Exact copy, pictures excluded: set down only the lines from the one with "- جلد طبيعي عالي الجودة بتدرجات كحلي وسماوي." through the end of the entries, keeping both end lines.

Records supplied.
╔══
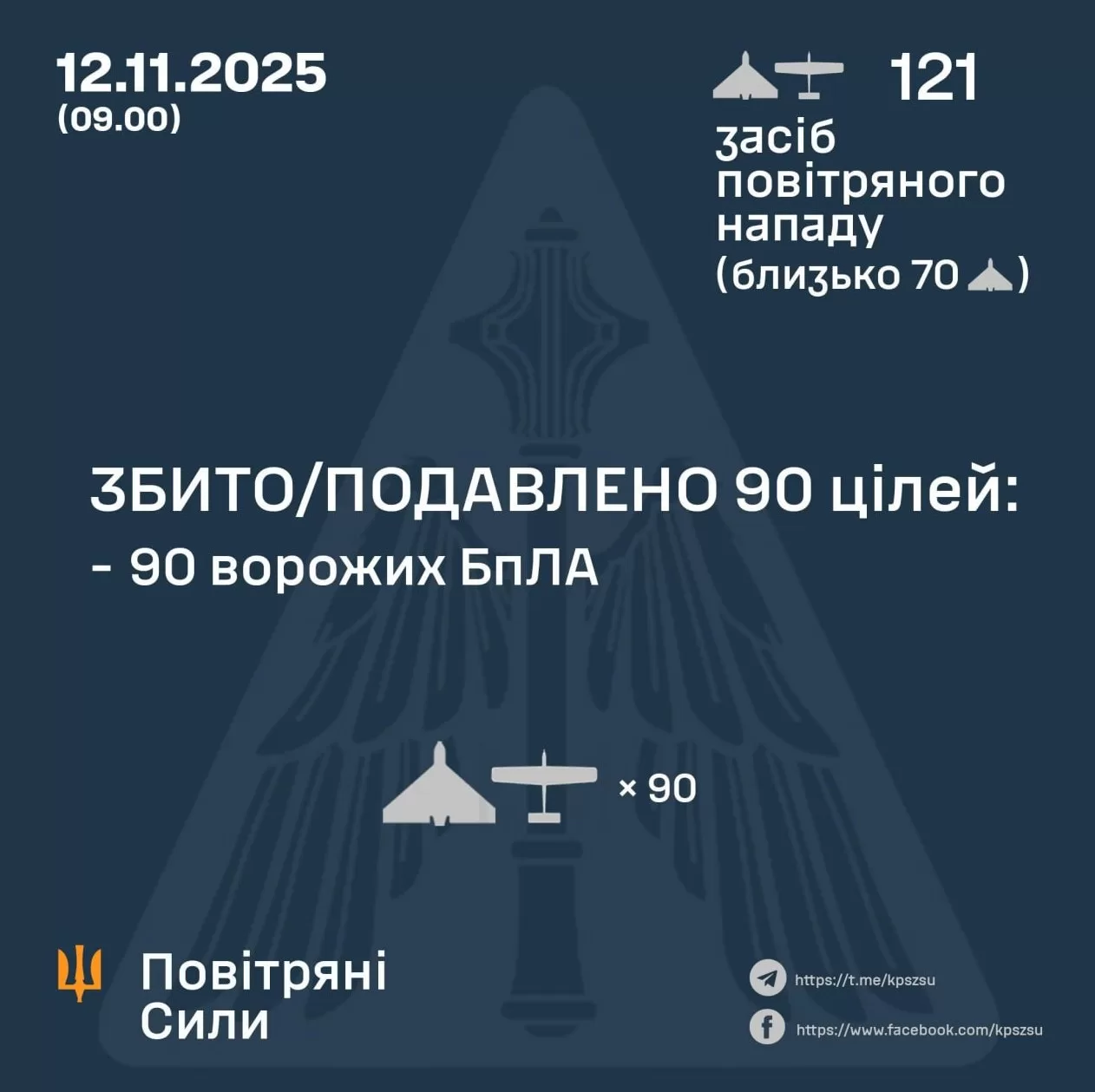 У ніч на 12 листопада Росія атакувала Україну 121 ударним безпілотником типів Shahed, «Гербера» та інших, повідомили в Повітряних силах ЗСУ. Атака здійснювалася з напрямків Міллерове, Орел, Приморсько-Ахтарськ (рф), а також із тимчасово окупованого Криму — районів Чауда і Гвардійське.
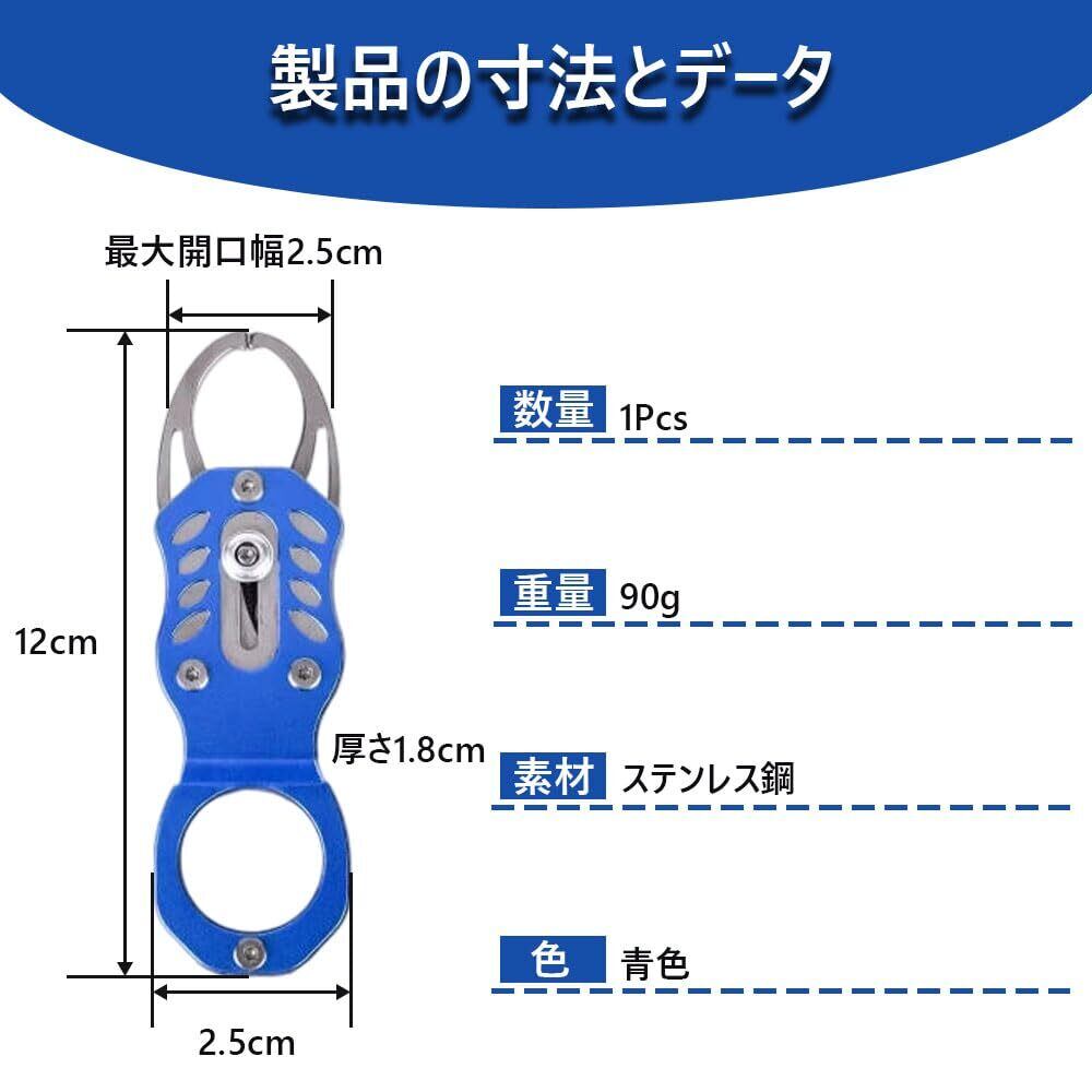 ステンレス鋼製の釣り用ツール(1 個入り、90g)。青色で、最大開口幅 2.5cm、全長 12cm、厚さ 1.8cm。内蔵式フック、開閉スイッチ、固定クリップ、伸縮式ストラップ付き。釣りの際の魚の取り扱いに最適で、様々な釣りシーンで活躍します。
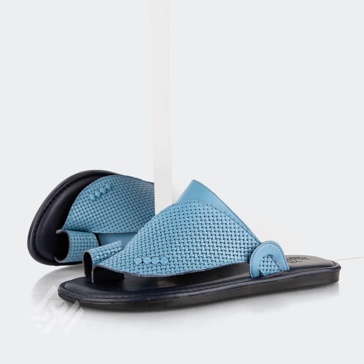 - جلد طبيعي عالي الجودة بتدرجات كحلي وسماوي.
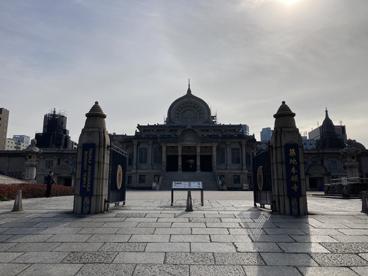 (HENCE THE NAME "TSUKIJI", MEANING BUILT LAND). THE PRESENT INDIAN-STYLE STRUCTURE WAS ERECTED IN 1934.
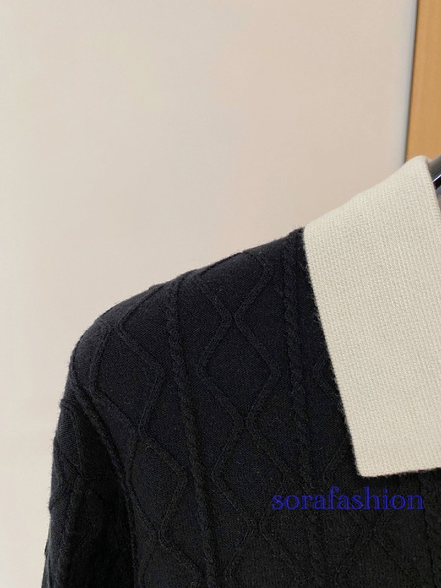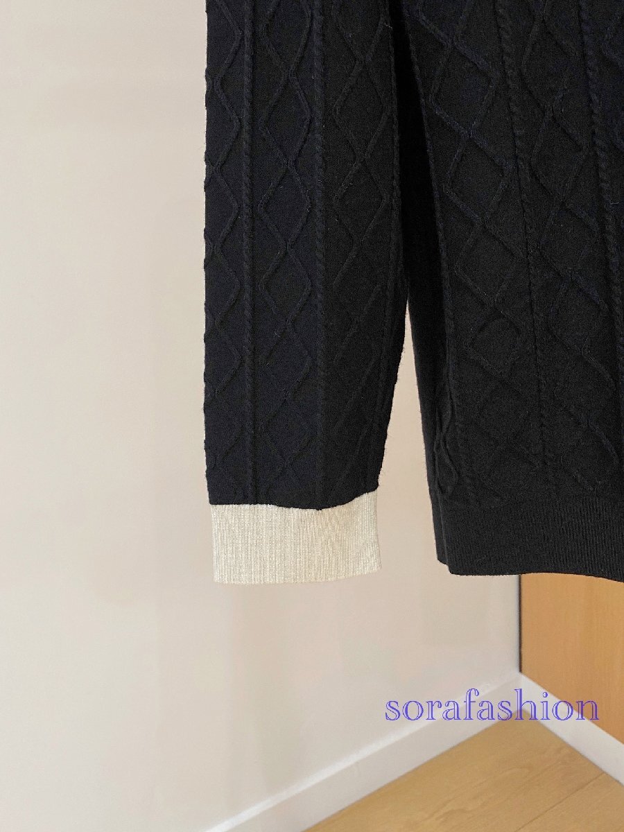 KITON キトン メンズニットポロシャツ 長袖T-シャツ トップス ブラック 50サイズ ニットカットソー 紳士服 ジャガード柄 通気吸湿
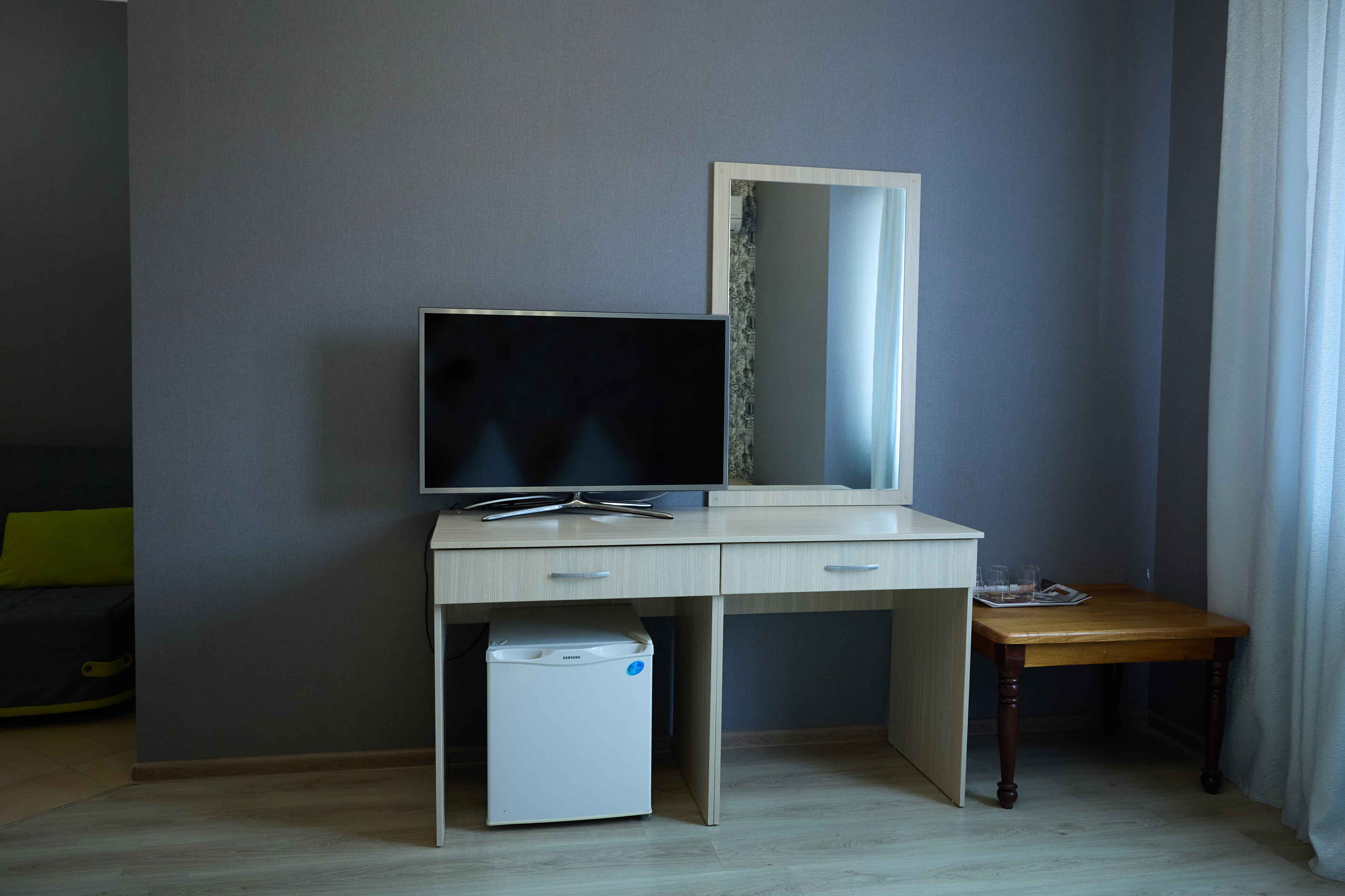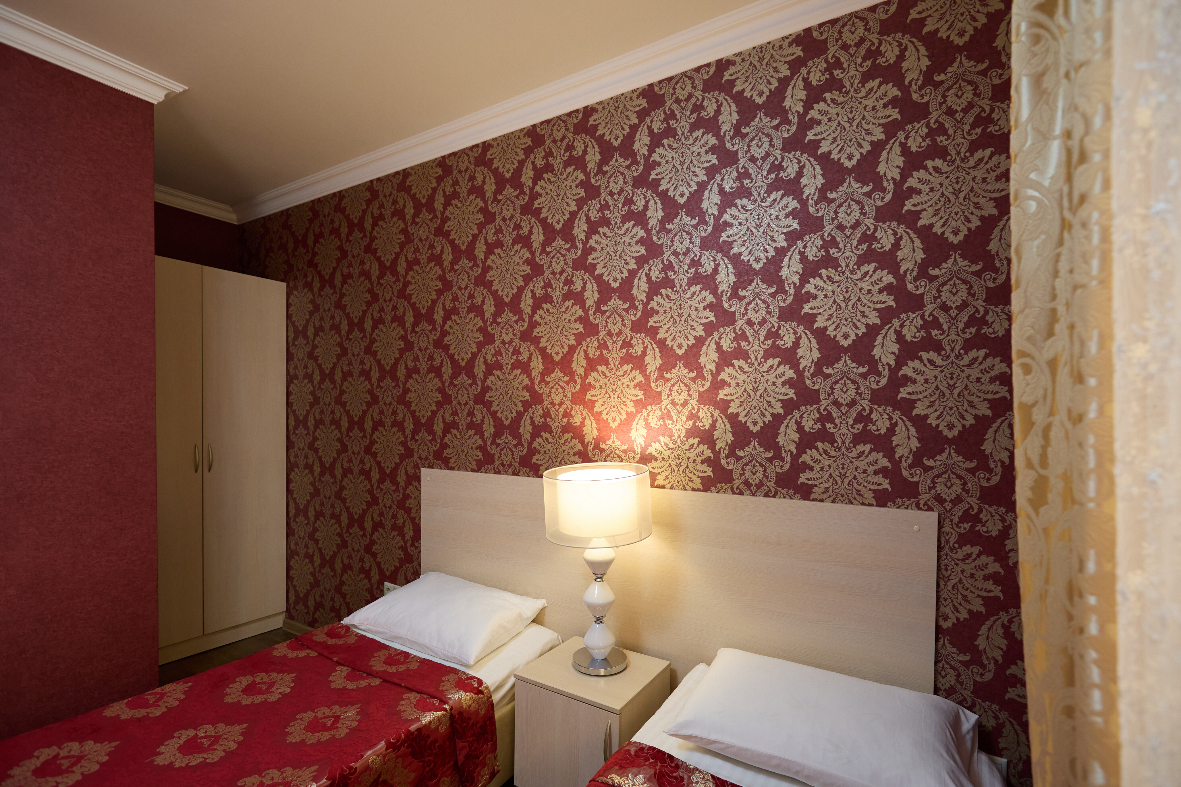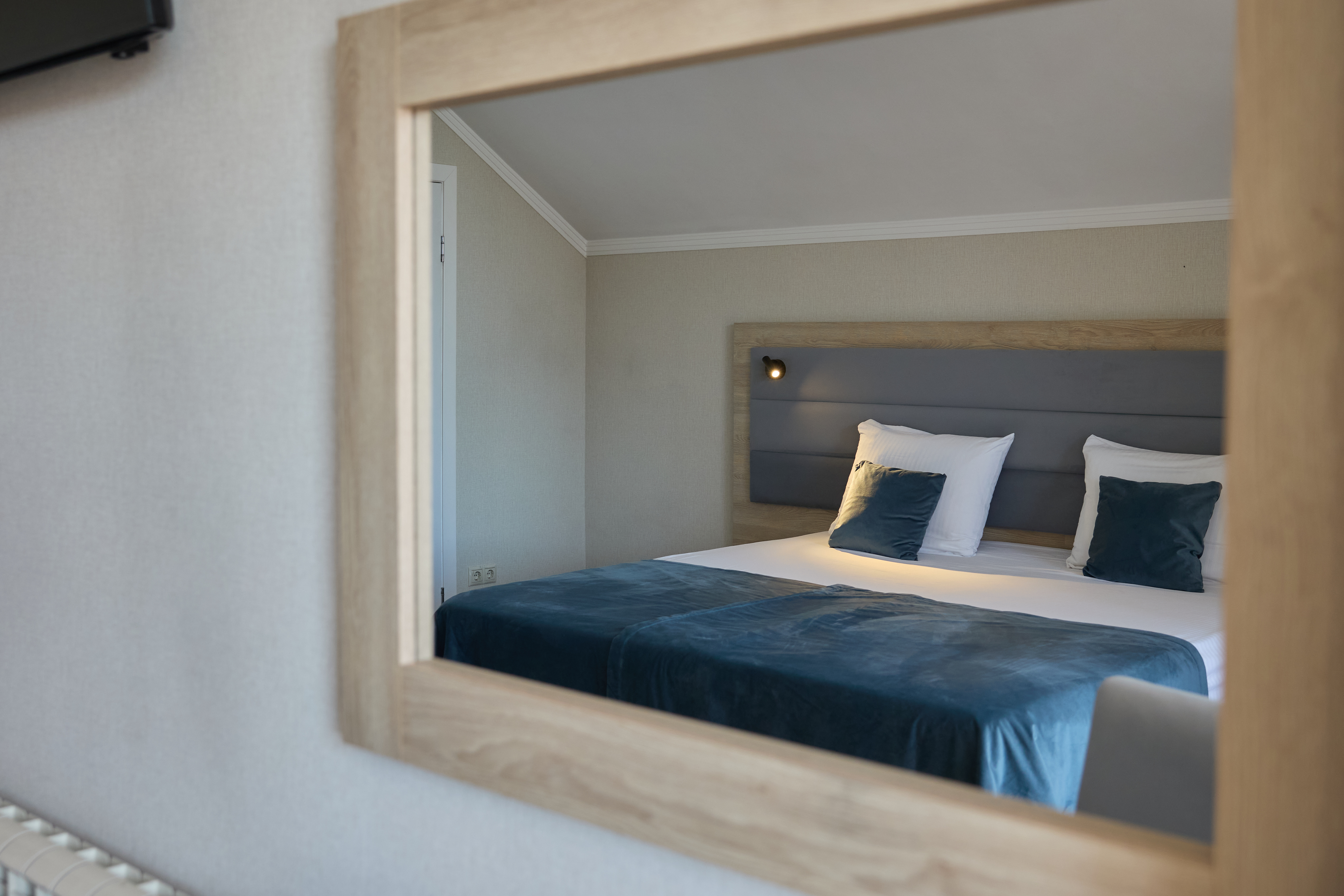 В номере: вешалка, зеркало, кровати односпальные, прикроватные тумбочки, стол, стулья, шкаф, кондиционер, пляжные полотенца, телевизор, утюг, холодильник
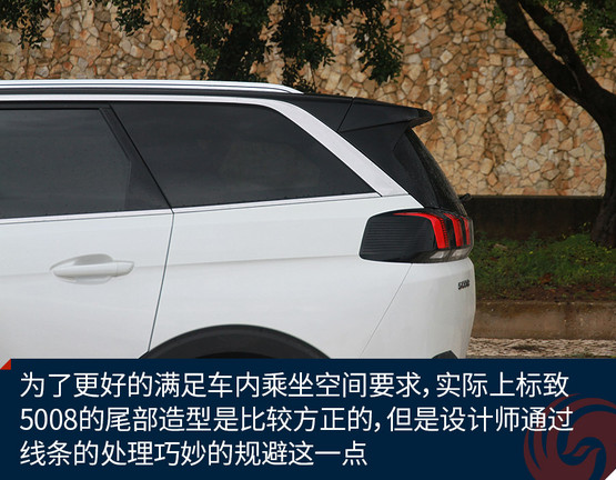 為了更好的滿足車內(nèi)乘坐空間要求,實(shí)際上標(biāo)致5008的尾部造型是比較方正的,但是設(shè)計(jì)師通過(guò)線條的處理巧妙的規(guī)避這一點(diǎn)。側(cè)窗鍍鉻裝飾在尾部快速下滑與尾燈相連接,上面后窗的部分則用黑色處理,使得標(biāo)致5008的視覺效果仍然充滿動(dòng)感,同時(shí)還保留了第三排空間的實(shí)用性。
╚══
Response to the exercise.
 - جلد طبيعي عالي الجودة بتدرجات كحلي وسماوي.
 (HENCE THE NAME "TSUKIJI", MEANING BUILT LAND). THE PRESENT INDIAN-STYLE STRUCTURE WAS ERECTED IN 1934.
 KITON キトン メンズニットポロシャツ 長袖T-シャツ トップス ブラック 50サイズ ニットカットソー 紳士服 ジャガード柄 通気吸湿
 В номере: вешалка, зеркало, кровати односпальные, прикроватные тумбочки, стол, стулья, шкаф, кондиционер, пляжные полотенца, телевизор, утюг, холодильник
 為了更好的滿足車內(nèi)乘坐空間要求,實(shí)際上標(biāo)致5008的尾部造型是比較方正的,但是設(shè)計(jì)師通過(guò)線條的處理巧妙的規(guī)避這一點(diǎn)。側(cè)窗鍍鉻裝飾在尾部快速下滑與尾燈相連接,上面后窗的部分則用黑色處理,使得標(biāo)致5008的視覺效果仍然充滿動(dòng)感,同時(shí)還保留了第三排空間的實(shí)用性。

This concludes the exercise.